The art historian James Elkins tells of his experience as one of four jurors for the 1990 exhibition "Revelations: Artists Look at Religions." It was a big show with several famous artists in it, including Andres Serrano, the maker of Piss Christ. But the jurors also had to slog through hundreds of submissions, looking at slides, reading statements, and scanning résumés. It was a daunting, numbing job. One submission caught their attention, and they were ready to accept it until they learned the artist was a nun, and her work, which the jurors had found quirky, was her vision of heaven. "Oh God," moaned one of the jurors, and they voted it down. Elkins was the only one to vote for it: "I wanted to accept it because it was religious, and religion was supposedly our theme."
This experience started Elkins thinking about "the exclusion of religious meaning in contemporary art," the subject of his book On the Strange Place of Religion in Contemporary Art, published in 2004 by Routledge. Elkins, who holds the E. C. Chadbourne Chair in the Department of Art History, Theory, and Criticism at the School of the Art Institute in Chicago, is a prolific—one is tempted to say profligate—scholar (see JamesElkins.com).

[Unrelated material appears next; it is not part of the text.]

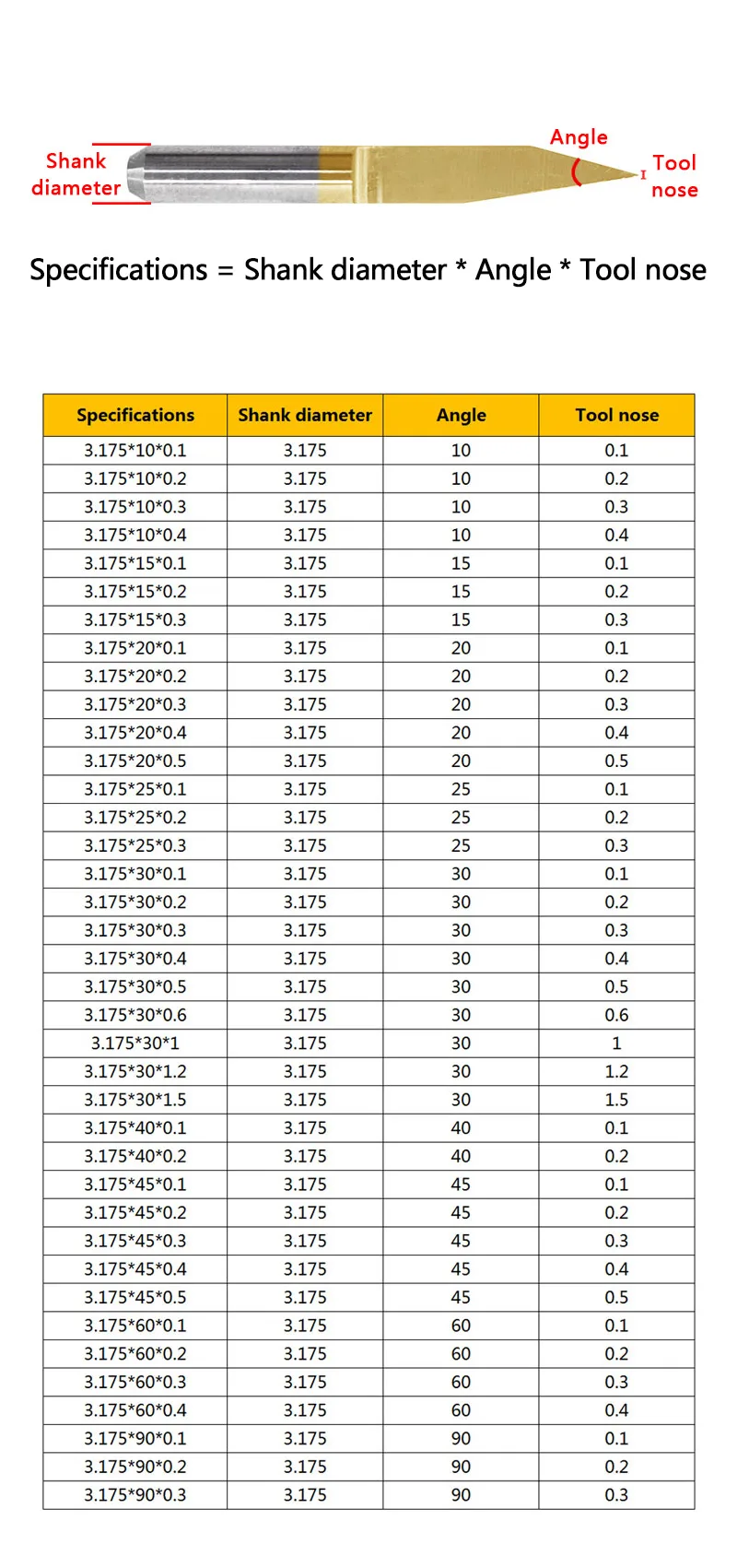 Comprar Cortador de grabado en forma de V, 10 piezas, 3.175, 1/8, PCB, herramienta de enrutador CNC, cortador de fresado de titanio en forma de V

Anyone familiar with modern and contemporary art knows of its dearth of historic religious subjects and themes. Christianity, one of the great incubators of imagery in Western art, is notably but not entirely absent. When Christian subjects do appear, they are often treated—as with Piss Christ—in a transgressive and sensationalist manner. In On the Strange Place of Religion in Contemporary Art, Elkins gives an account of the decline of religious art, which by the beginning of the 20th century was effectively gone. Any art with religious imagery found in canonical modernity, Elkins insists, isn't really religious. So Salvador Dali's popular St. John of the Cross is not as much religious as it is "a matter of Dali's 'paranoiac-critical' surrealist method." By Elkins' account, religious subjects must be presented in a mode that is ironic, ambiguous, skeptical, or critical to qualify as art today. He acknowledges that outside the art world "there is a tremendous amount of religious art," but concludes his brief history of religion and art on this note: "As a rule ambitious, successful contemporary fine art is thoroughly non-religious. Most religious art—I'm saying this bluntly here because it needs to be said—is just bad art."
To understand Elkins' judgments, it is important to know his definitions and purposes. The purposes were to "see if it is possible to adjust the existing discourses enough to make it possible to address both secular theorists and religionists," and to help students who are unaware of the religious resonances in their work. He characterizes the art world as a place "that is at once thronged with strong beliefs and nearly silent."
Elkins defines religion as "a named, non-cultic, major system of belief. In the art world … the religion in question is often Catholicism, and sometimes Protestantism. Rarely is it Judaism. Even more rarely, is it Islam or Buddhism." He distinguishes spirituality from religion because spirituality is private, subjective, often silent, and possibly unconscious. Religion may have spirituality, but spirituality need not be religious.
His definition of art is "institutional," encompassing the contents of galleries, museums, and publications devoted to contemporary art. It is not a preexisting philosophic definition applied to art but rather a description of prevailing acts and beliefs. One important aspect of his definition is that contemporary fine art is not just one kind of art amid other different but equal arts. It is the source of art, and all other kinds of art are derivative. He knows this is controversial, but argues that "quality and significance" as well as priority, invention, and history all belong to fine art, which influences the course and content of the other arts. This is one basis for his judgment that contemporary religious art doesn't pass muster, since it is often derivative of earlier fine art.